● Your objective
Each line below from the one containing "Height of a" through the one containing "13 квітня 2017" should be output exactly as it stands, and no other line should appear.

● Record set
════════

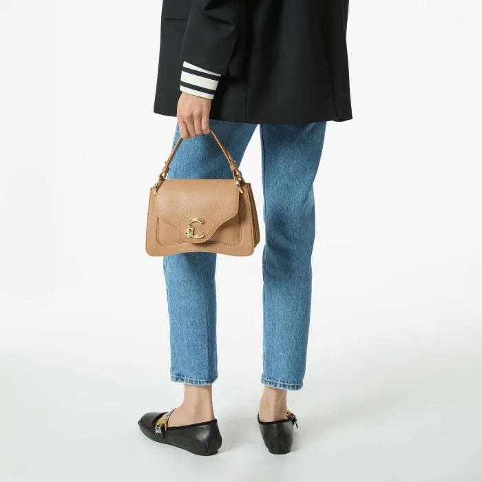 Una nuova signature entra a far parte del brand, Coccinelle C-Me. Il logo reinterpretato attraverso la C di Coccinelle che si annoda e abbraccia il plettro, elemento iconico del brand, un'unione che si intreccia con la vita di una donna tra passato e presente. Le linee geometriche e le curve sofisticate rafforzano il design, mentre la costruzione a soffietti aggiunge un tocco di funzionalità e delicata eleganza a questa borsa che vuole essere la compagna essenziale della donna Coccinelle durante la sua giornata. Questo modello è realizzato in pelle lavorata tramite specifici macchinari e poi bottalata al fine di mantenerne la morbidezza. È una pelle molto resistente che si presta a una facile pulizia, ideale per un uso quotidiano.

════════

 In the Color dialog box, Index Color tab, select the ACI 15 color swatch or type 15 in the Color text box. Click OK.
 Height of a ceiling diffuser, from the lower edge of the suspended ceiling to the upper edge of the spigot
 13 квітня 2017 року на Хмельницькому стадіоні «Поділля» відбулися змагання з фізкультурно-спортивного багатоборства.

════════

● Result of this task
 Height of a ceiling diffuser, from the lower edge of the suspended ceiling to the upper edge of the spigot
 13 квітня 2017 року на Хмельницькому стадіоні «Поділля» відбулися змагання з фізкультурно-спортивного багатоборства.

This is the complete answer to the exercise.